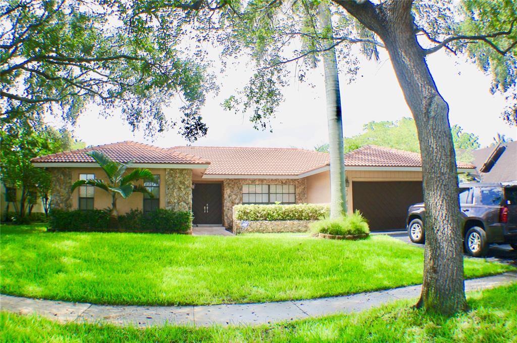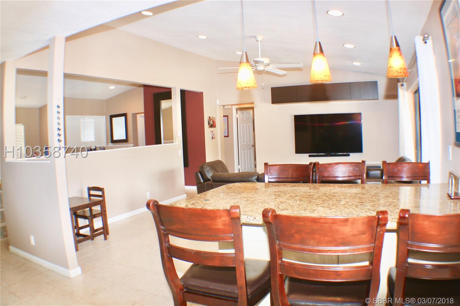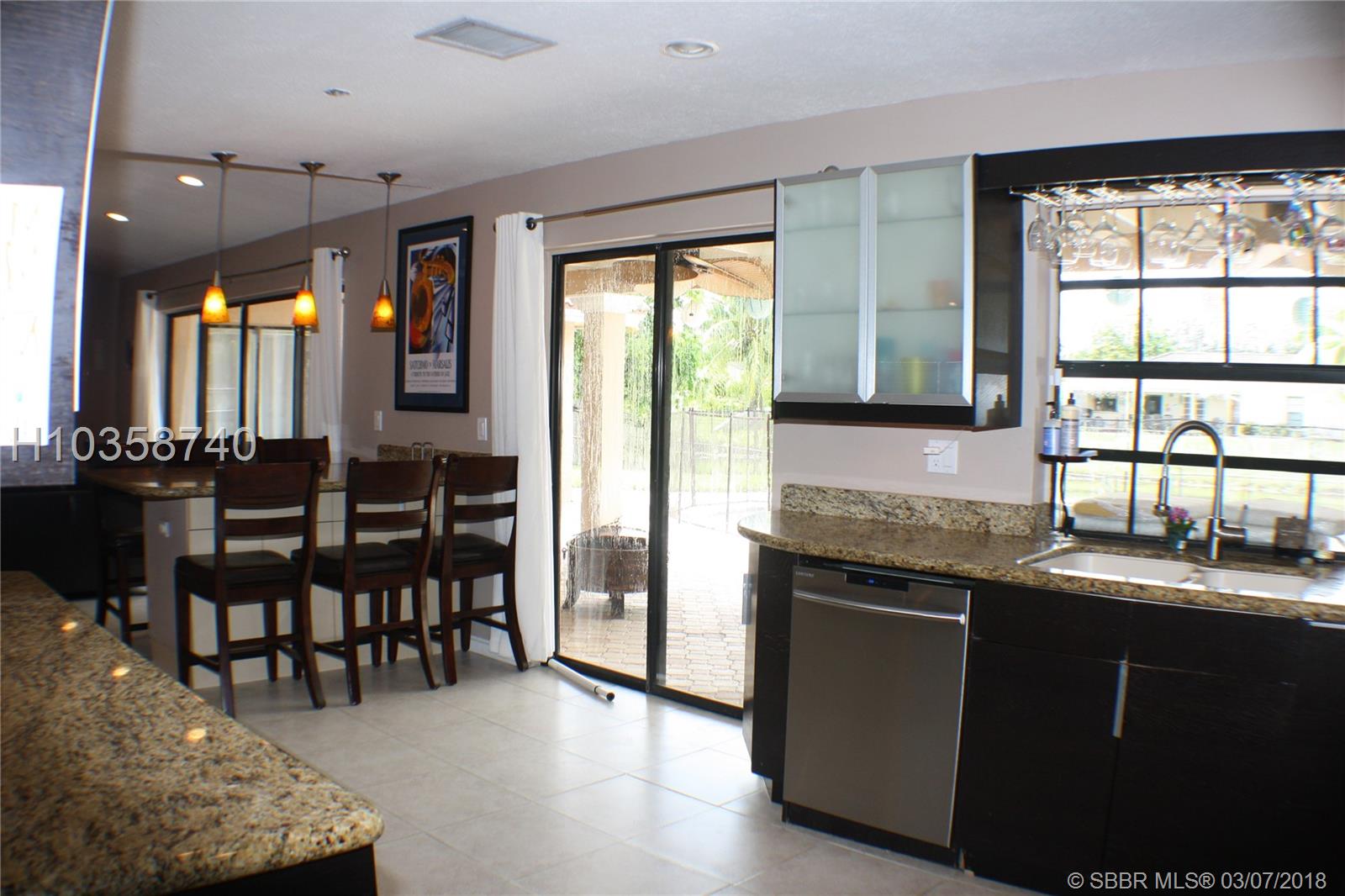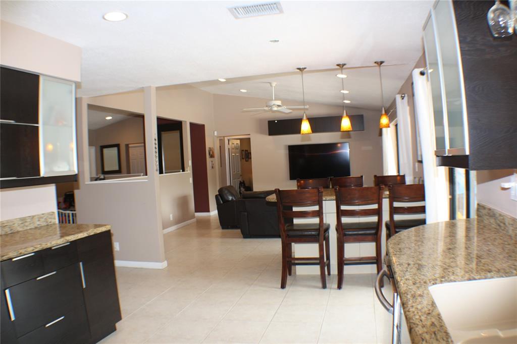 Spectacular open floor plan, vaulted ceilings, tiled flooring throughout living and kitchen, wood laminate in bedrooms and laundry room, updated kitchen with granite countertops and stainless steel appliances, modern fixtures in bathrooms. Samsung washer and dryer, and extra refrigerator in garage. Located on nicely landscaped waterfront lot and cul-de-sac street. Barrel tile roof 2009, Pool resurfaced 2016. This is one not to miss! Motivated Seller!
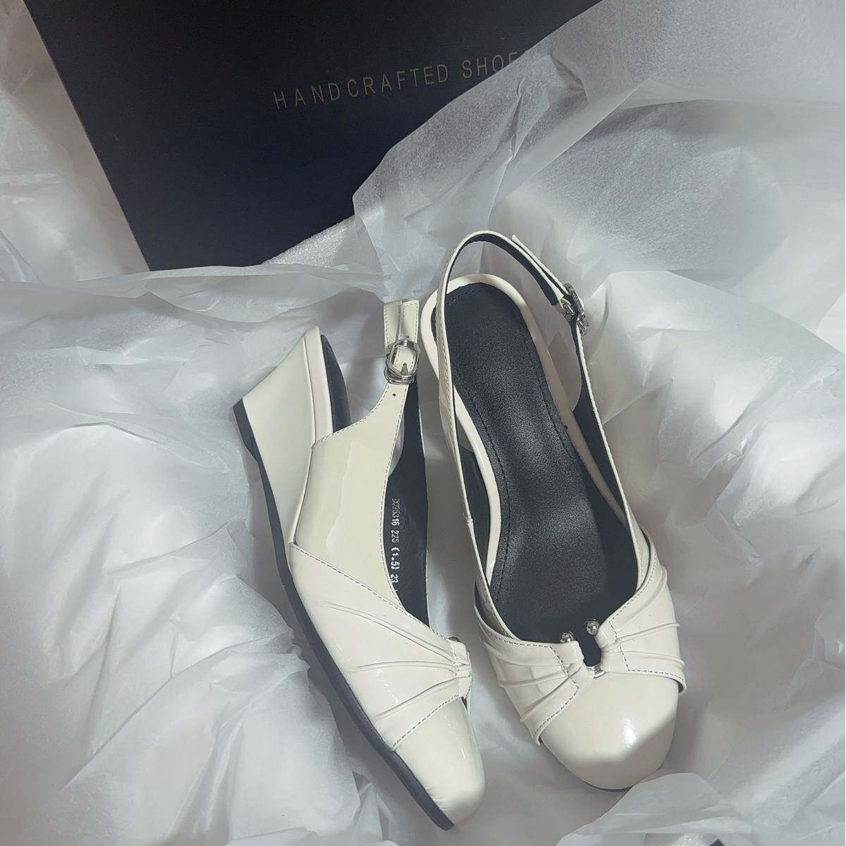 淑女网红风温柔款气质一脚蹬高跟皱皱真皮包头坡跟凉鞋
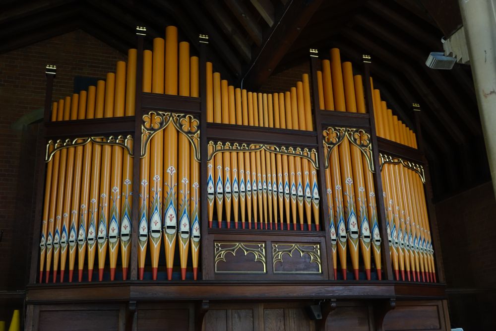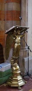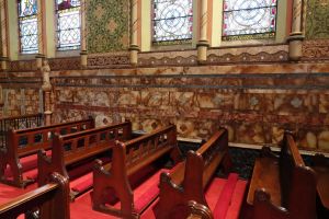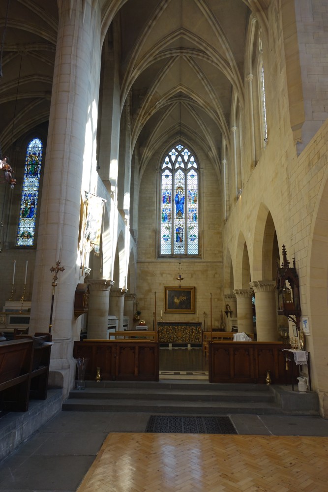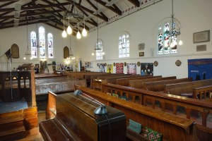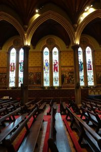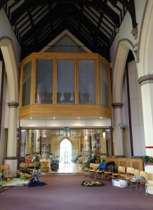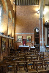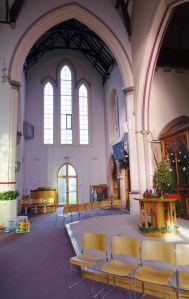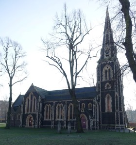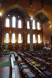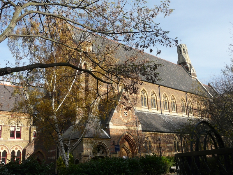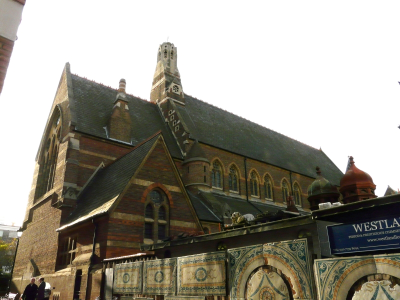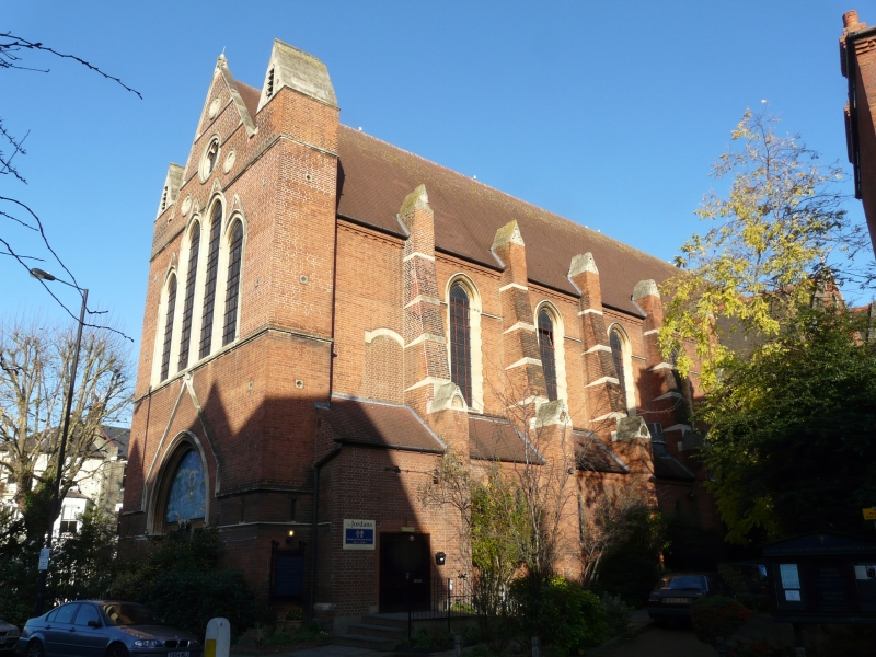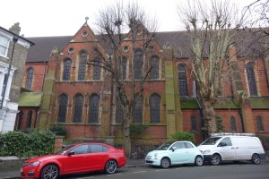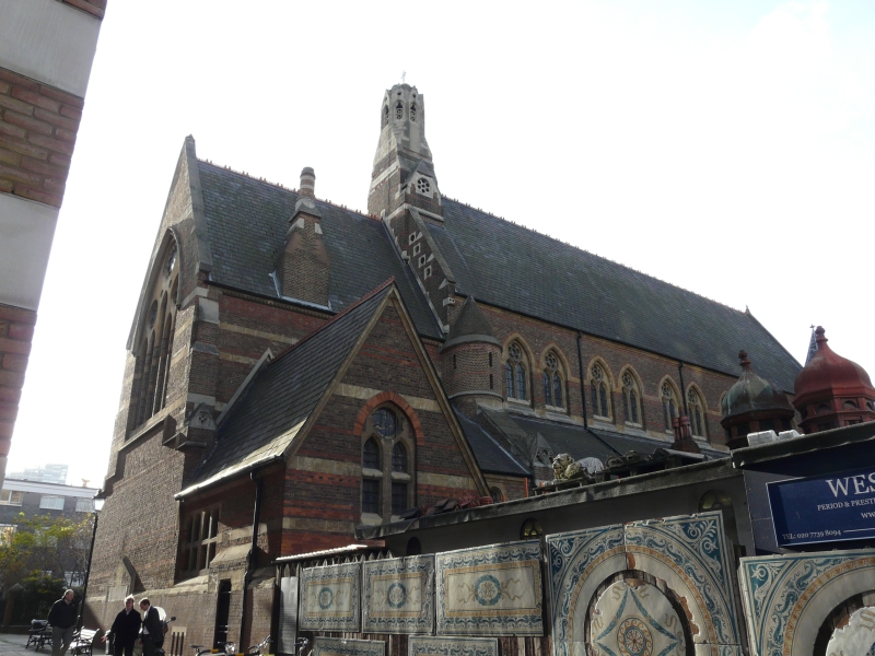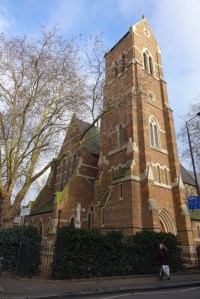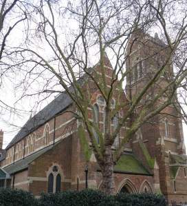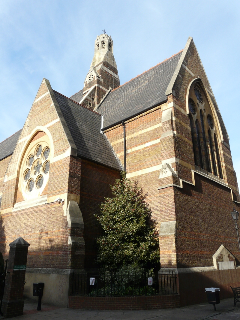 Set in the middle of Turnham Green a little way off the main road, this is an early Gilbert Scott building, in fact by Scott and Moffatt and dating from 1841-43. A longer chancel was added by James Brooks in 1887. The nave interior has been divided in two with only the chancel retaining older furnishings.
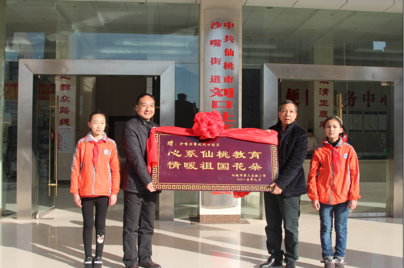12月16日,市实验三小校长游传桂率学校部分师生一行10多人,向社区赠送“心系仙桃教育 情暖祖国花朵”牌匾,感谢自开学已来对教育事业的关怀及资助。
########################################
Directions:
The lines wanted run from the first one in the material above through the line containing "淑女网红风温柔款气质一脚蹬高跟皱皱真皮包头坡跟凉鞋"; give them again exactly, leaving out the pictures.

Solution to the problem:
 Spectacular open floor plan, vaulted ceilings, tiled flooring throughout living and kitchen, wood laminate in bedrooms and laundry room, updated kitchen with granite countertops and stainless steel appliances, modern fixtures in bathrooms. Samsung washer and dryer, and extra refrigerator in garage. Located on nicely landscaped waterfront lot and cul-de-sac street. Barrel tile roof 2009, Pool resurfaced 2016. This is one not to miss! Motivated Seller!
 淑女网红风温柔款气质一脚蹬高跟皱皱真皮包头坡跟凉鞋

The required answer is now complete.